The Union's Position

  By Charles Loiacono     

Weaving Tangled Webs

             The goal of any arbitrator or arbitration panel is to understand the truth and determine whether the truth of a particular situation violated the agreement between two parties. When the truth is withheld or camouflaged to mislead, then the arbitrator’s goal can be difficult to achieve.

            One such camouflaging occurred on October 3rd when John Gross, attorney for the Board of Trustees and the administration, described ELI/LINCC teachers as full-time. The obvious intent was to have the new arbitrator, who was hearing the facts of the case for the first time, believe that these individuals were part of the regular full-time faculty. That was proven to be the intent when Gross vehemently objected when the AFA attorney attempted to clear up any misunderstanding.

            Why Gross did not know that eventually the truth would be revealed and that that stunt would only hurt his credibility baffles me. But that’s how these things go. Some lawyers will stoop to any machination that will avoid, withhold, or distort the truth.

            So much for the tools of deception; now on to what came to light as we listened to the first witness for the administration.

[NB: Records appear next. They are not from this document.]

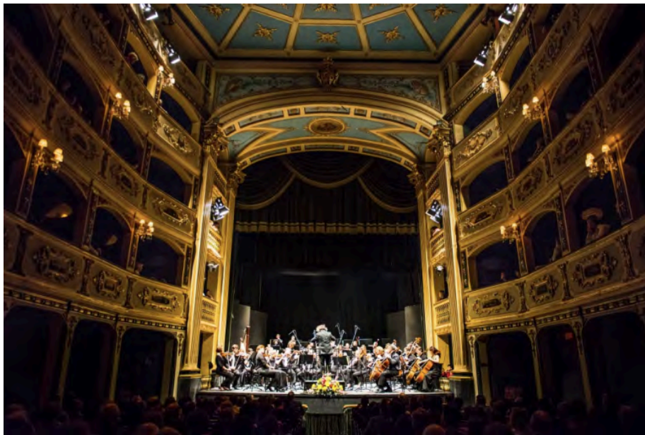
Site of Mozart's Requiem on July 5, 2024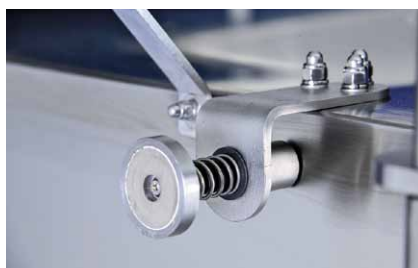
Magnet for door fixation in washing tunnel at 270° and 260° RGEE AR 260U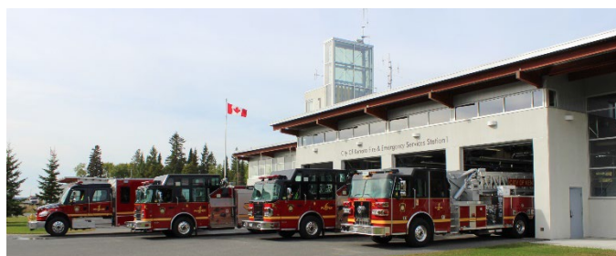
1 Fire Station One and Fire Fleet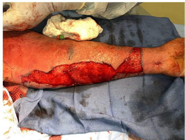
Figure 4. Intraoperative findings on hospital day 2

signs of necrotizing fasciitis in any of the explored fascial planes of the extremity. There was a notable absence of dishwasher fluid and the bullae were found to contain only blood. No purulent collections were identified. Several areas of devitalized skin were debrided (see Figure 4). Multiple cultures were taken as well as stat frozen skin and fascial pathology samples which did not show areas of necrosis.

            Both through direct and cross-examination, the witness went through the history of ELI.

The sum total of her testimony was that ELI was a failure from the get-go.  

            It seems there was a curriculum that no one had ever seen—neither the teachers nor the Fresh Look Committee. We have requested copies of that curriculum, which supposedly dictated a holistic approach to teaching ESL.

            Beginning in the year 2000, the migration from the college into adult education began. Five years later in 2005, it was acknowledge that the program was not working—hence the formation of the Fresh Look Committee. The committee’s report was reviewed in

           

 

 some detail with excerpts in a previous issue of the VANGUARD. It was a devastating report on the failure of ELI.   

          The result was the creation of a new version called ELI B. Two years later, ELI B was declared dead when, as John Gross said, “We are pulling the plug on the ELI program.”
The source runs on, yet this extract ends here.